Students from the University of Liberia during a field visit. The Malaysian Sime Darby company has awarded a 220,000 hectare concession.
Photo: R. Buntzel

Taking the land without encumbrances

Liberia’s government seeks to put greater emphasis on integrated cash/food crop systems with broad-based farmer participation. However, shortcomings in regulations on land transactions could threaten livelihoods in what is already a vulnerable country.

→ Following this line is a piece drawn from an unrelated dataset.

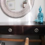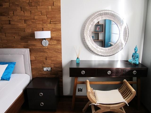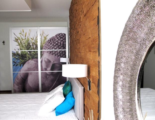 Magdalena Borowiak – Wróblewska, architekt wnętrz, autorka i prowadząca programu „Szybkie Metamorfozy” od razy zainspirowała się tą wskazówką: „Katarzyna i jej mąż są zafascynowani buddyzmem, mandalami, co stanowiło dla mnie świetną inspirację projektując ich sypialnię. Postawiłam z jednej strony na minimalizm, dlatego bazowymi kolorami we wnętrzu są ciepłe odcienie szarości, proste w swojej formie oświetlenie. Wnętrze ożywiłam turkusowymi akcentami, nawiązującymi do zdobiącej szafę fototapety z motywem Buddy. Mały fragment ściany pomalowaliśmy farbą Aura w kolorze „in the tropics – CSP 640” z kolekcji Color Stories marki Benjamin Moore. Ten turkusowy odcień w zależności od światła będzie się pięknie zmieniał ujawniając szereg półcieni nadanych przez koloranty obecne w jego recepturze. Również poduszki oraz drobiazgi na biurku są w intensywnych, przykuwających spojrzenie kolorach.”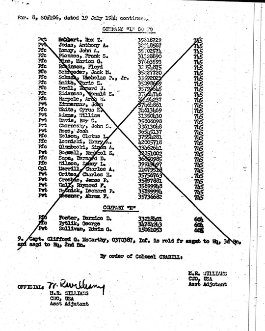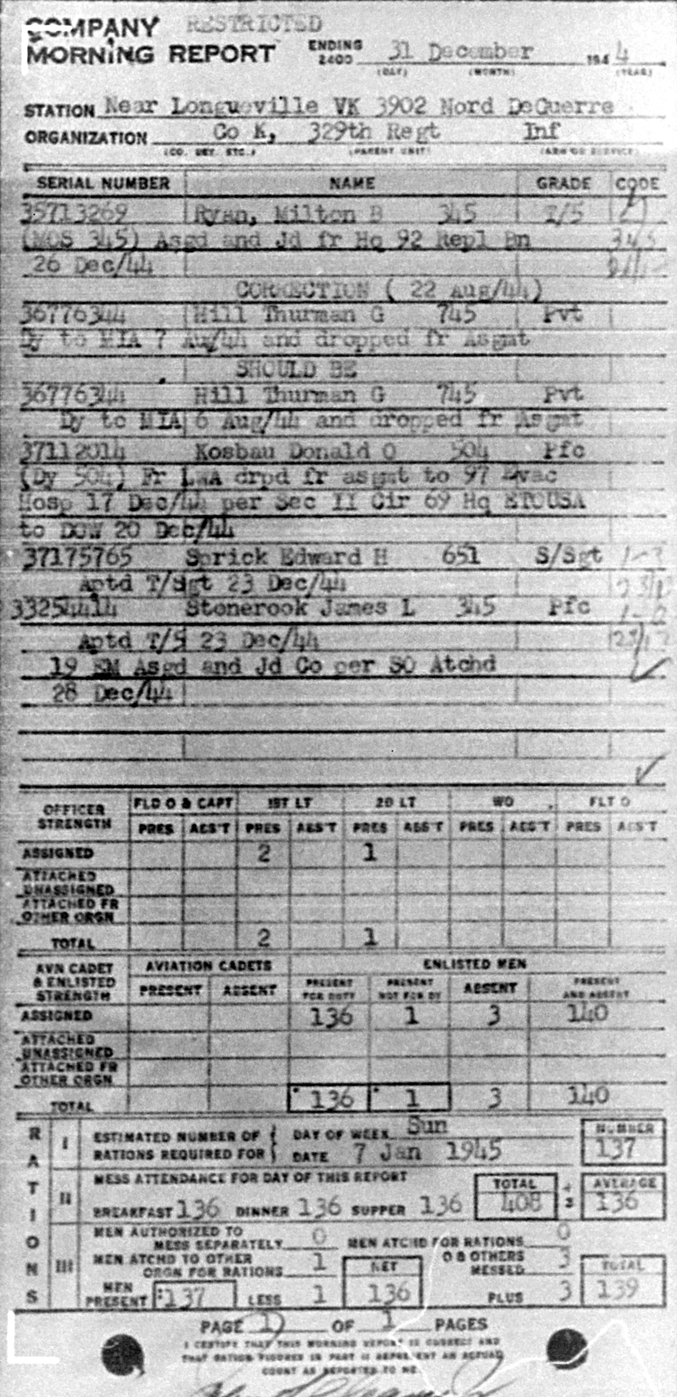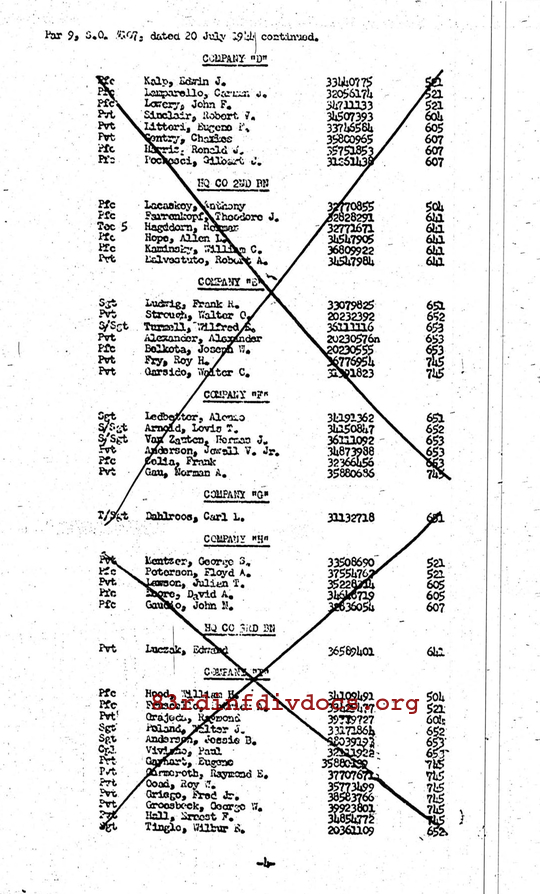 | Private Hill was a member of K Company. The morning report for August 22, 1944 on page 48 lists him as missing in action on August 7, 1944. The page can be seen below. |

About 40 per cent of the land in Liberia is now under concessions with companies for producing rubber, palm oil, timber or minerals for exports, most of them foreign-owned corporations with Liberian affiliations. At the same time Liberia being an agrarian society as it is, the country is extremely dependent upon food imports: about 50 per cent of daily calories and 60 per cent of protein intake is imported, according to a UN Food and Agriculture Organization (FAO) estimate. Liberia’s food sector has not yet recovered from 15 years of civil war

The Government of Liberia (GoL) is well aware of this contradiction. That is why it is determined to achieve a transformation of its agricultural sector – defined as follows: “… the conversion of a system characterised by an economically concentrated commercial plantation sector to one in which there is broad-based farmer participation in integrated cash crop/food crop systems. It is essential that the country avoids falling back into old patterns of growth and development based on natural resource extraction industries and a heavily concentrated plantation and commercial agricultural sector.” In spite of this commitment, the Government recently (2008, 2009 and 2010) again granted land concessions on a huge scale to three foreign companies to mainly produce palm oil for the international market.

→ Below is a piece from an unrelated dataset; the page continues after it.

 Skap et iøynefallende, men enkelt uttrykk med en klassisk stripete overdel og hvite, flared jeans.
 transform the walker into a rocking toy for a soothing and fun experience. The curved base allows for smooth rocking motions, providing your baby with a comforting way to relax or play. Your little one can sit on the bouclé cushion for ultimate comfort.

Here, the overarching objective that guides Liberian government policy on the use of natural resources, which can be found in the 2008 Poverty Reduction Strategy (PRS), enters the picture: “The secretive, special deals of the past that benefited a few to the detriment of the majority will be replaced by transparent agreements with fairer terms and stronger mechanisms to ensure the proper distribution and spending of funds and concession revenues will be used to promote public welfare by financing investments in roads, education, health, water and other areas.” Do the new concessions live up to this goal? In order to evaluate this, several teams of students of the College of Agriculture and Forestry from the University of Liberia went out into the areas of the three new plantations. For their interviews in the Project Affected Communities, they used a list of indicators which drew on the wisdom of the “Voluntary Guidelines on Responsible Governance of Tenure of Land, Fisheries and Forests” recently adopted by the FAO. 

The concessions

The objective of the new concessions is to plant oil palm trees in monoculture on large scratches of land (one company also plans to grow rubber trees on 25 % of the land), after clear-cutting a dense bush-forest area. The concessions are made up between the Government of Liberia and multinational leading corporations in the world’s palm oil business. The Malaysian Sime Darby company and the Indonesian Golden Veroleum company were each awarded a 220,000 hectare concession, and the UK/Indian Equatorial Palm Oil (EPO) company got 169,000 ha.

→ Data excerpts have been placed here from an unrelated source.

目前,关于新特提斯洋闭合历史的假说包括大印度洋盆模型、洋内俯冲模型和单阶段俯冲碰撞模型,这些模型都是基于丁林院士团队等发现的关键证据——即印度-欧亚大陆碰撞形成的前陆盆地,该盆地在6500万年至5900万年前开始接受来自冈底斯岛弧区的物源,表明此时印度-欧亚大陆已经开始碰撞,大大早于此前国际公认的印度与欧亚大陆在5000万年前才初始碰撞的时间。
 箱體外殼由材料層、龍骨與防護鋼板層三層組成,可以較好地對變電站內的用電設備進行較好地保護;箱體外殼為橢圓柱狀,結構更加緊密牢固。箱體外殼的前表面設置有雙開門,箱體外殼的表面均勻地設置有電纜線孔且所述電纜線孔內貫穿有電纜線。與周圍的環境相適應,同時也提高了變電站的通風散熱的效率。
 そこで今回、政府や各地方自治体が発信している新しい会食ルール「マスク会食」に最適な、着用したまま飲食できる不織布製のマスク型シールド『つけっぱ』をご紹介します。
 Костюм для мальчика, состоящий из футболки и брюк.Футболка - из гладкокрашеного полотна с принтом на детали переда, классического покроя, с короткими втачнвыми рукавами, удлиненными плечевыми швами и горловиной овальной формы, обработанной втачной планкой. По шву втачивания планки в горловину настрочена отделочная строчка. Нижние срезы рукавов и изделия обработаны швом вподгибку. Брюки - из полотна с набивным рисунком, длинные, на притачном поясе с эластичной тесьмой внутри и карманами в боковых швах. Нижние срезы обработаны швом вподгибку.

All three concession agreements were quite similar. The agreements were ratified by Parliament for a rent of five US dollars (USD) a hectare (developed area). The concession periods were 63, 60 and 40 years, with options to extend for quite some more decades. The companies promised to invest billions into the plantations and oil mills and create 22,000/35,000/20,000 jobs each. They are all obliged to pay five USD for each “developed” hectare of the land into a Social Fund to be administrated by a common board of the company, the government and appointed representatives of the local communities. They are also obliged to pay 0.5– 1 per cent of their yearly turnover into a Palm Oil (and Rubber) Development Fund. In addition, the agreements commit them to invest into housing, schools and health facilities for their employees and their dependents. All have to assist the government in getting an outgrower scheme started three years after the commencement of their own plantation; areas of 44,000/40,000/10,115 hectares additional land to each concession have been set aside by the government for these programmes; funding is supposed to come from outside sources.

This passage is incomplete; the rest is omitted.